GATE-2018 (24) :Wyllie – Time average equation

 

Q)  A wave component with a wavelength of 100m propagates through a homogeneous medium from a seismic source at the bottom of a borehole. Between two detectors, located in Boreholes at radial distances of 1 km and 2 km from the source, the wave amplitude is found to be attenuated by 10 dB. Calculate the contribution of geometrical spreading to this value of attenuation and thus determine the absorption coefficient of the medium.
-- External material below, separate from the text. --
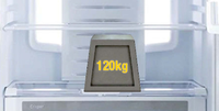 Each shelf in this fridge can hold up to 120 kg of contents.
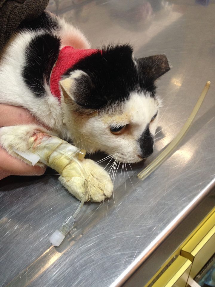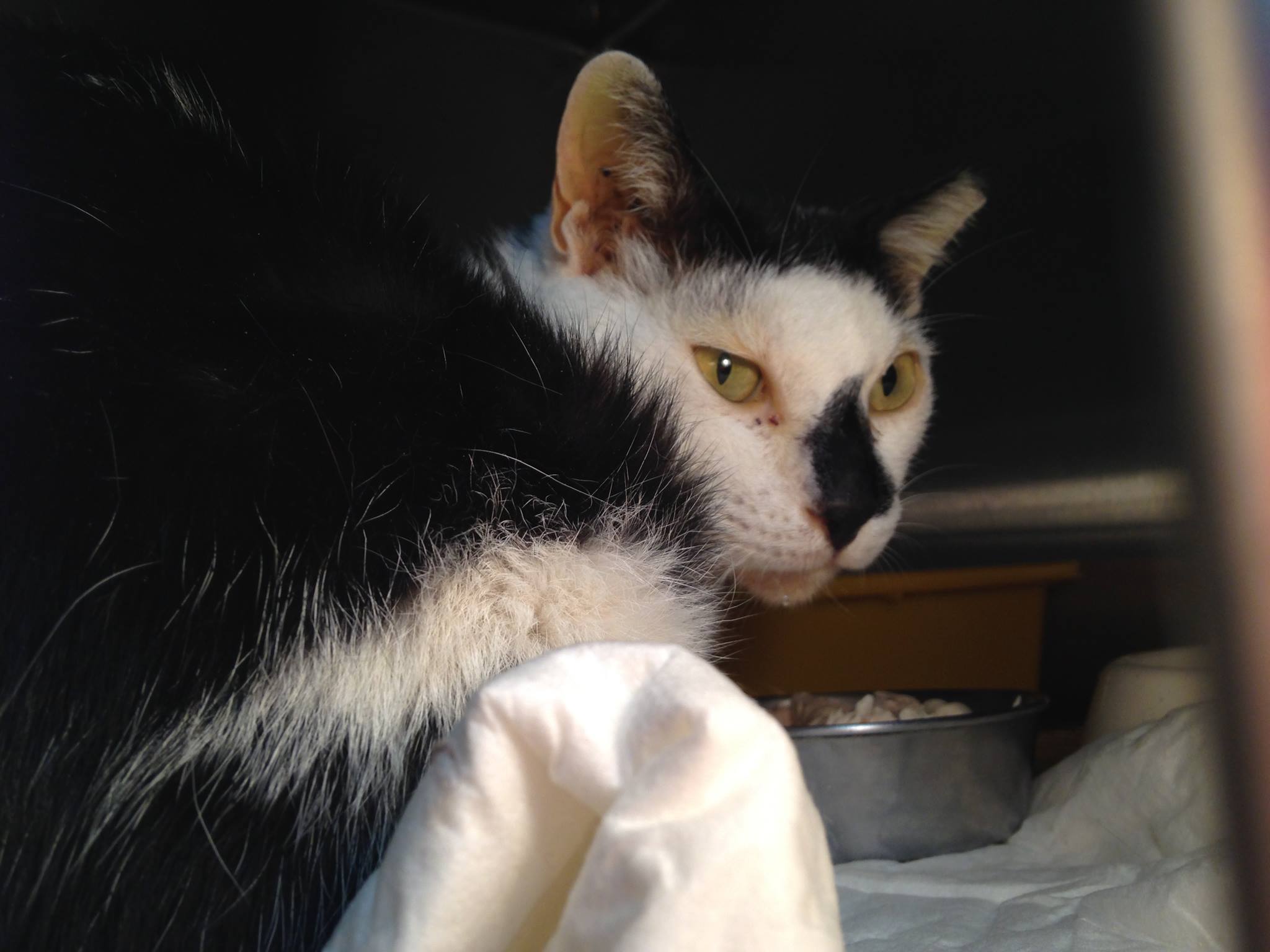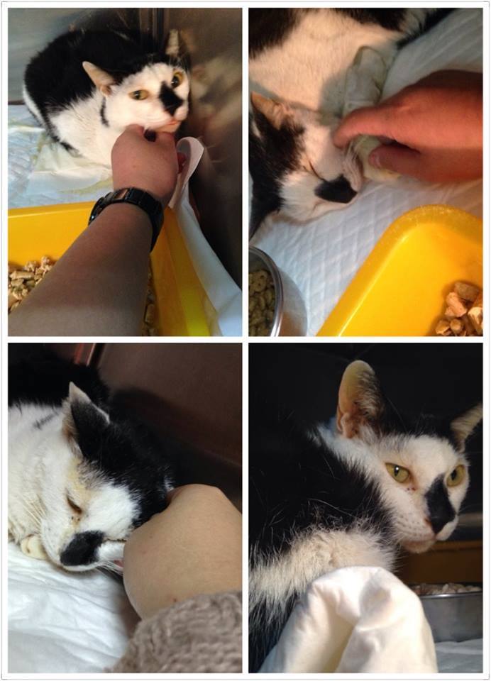 因為天天都是大吃大喝的他,突然消失兩天,出現後明顯的臉頰凹陷,臉部氾黃,試著要靠近他時,竟然異常的不讓我碰,最愛的罐頭也不想吃,背脊上的骨頭凸出明顯,也聞到了一股惡臭來自饅頭的嘴巴,隔天晚上要誘捕時,又因為選舉每晚的造勢,讓救援更加困難。

(Thanks to Chandrasekhar, ANU)

  Solution:  

Given that wave length (ʎ) =100m

Amplitude attenuated by 10 dB

Radial distances $r_{1}$=1km

                        $r_{2}$=2 km

We know that $dB = 20 \log_{10}({\frac{A_{1}}{A_{2}})}$----------(1)

$dB = 20 \log_{10}({\frac{A_{1}}{A_{2}})}$

  From,

  $Energy \propto \frac{1}{radius(r)^{2}}$

   $we get  Amplitude(A) \propto \frac{1}{radius(r)}$  

    There fore

    $Amplitude(A_1) = \frac{1}{radius(r_1)}=\frac{1}{1}$

     $Amplitude(A_2) = \frac{1}{radius(r_2)}=\frac{1}{2}$

Substitute these values in equation (1) we get

$dB = 20 \log_{10}({\frac{A_{1}}{A_{2}})}$

$dB = 20 \log_{10}({\frac{1/1}{1/2})}$

$dB = 20 \log_{10}(2)$

$dB = 20 \times 0.3010$

$dB = 6$

 To get the contribution of the geometrical spreading we have to subtract this effect from the actual value

 i.e. 10dB-6dB= 4 dB is the contribution of the geometrical spreading.

Then the 1000 m ----4 dB

For 10 m ----?(let some X)

Therefore

$1000\times X =4\times 100$

$X=\frac{400}{1000}$

$X=0.4 dB/\lambda$

 

 

 

Reference:

An Introduction to Geophysical Exploration by Philip Kearey, Michel Brooks and Ian Hill.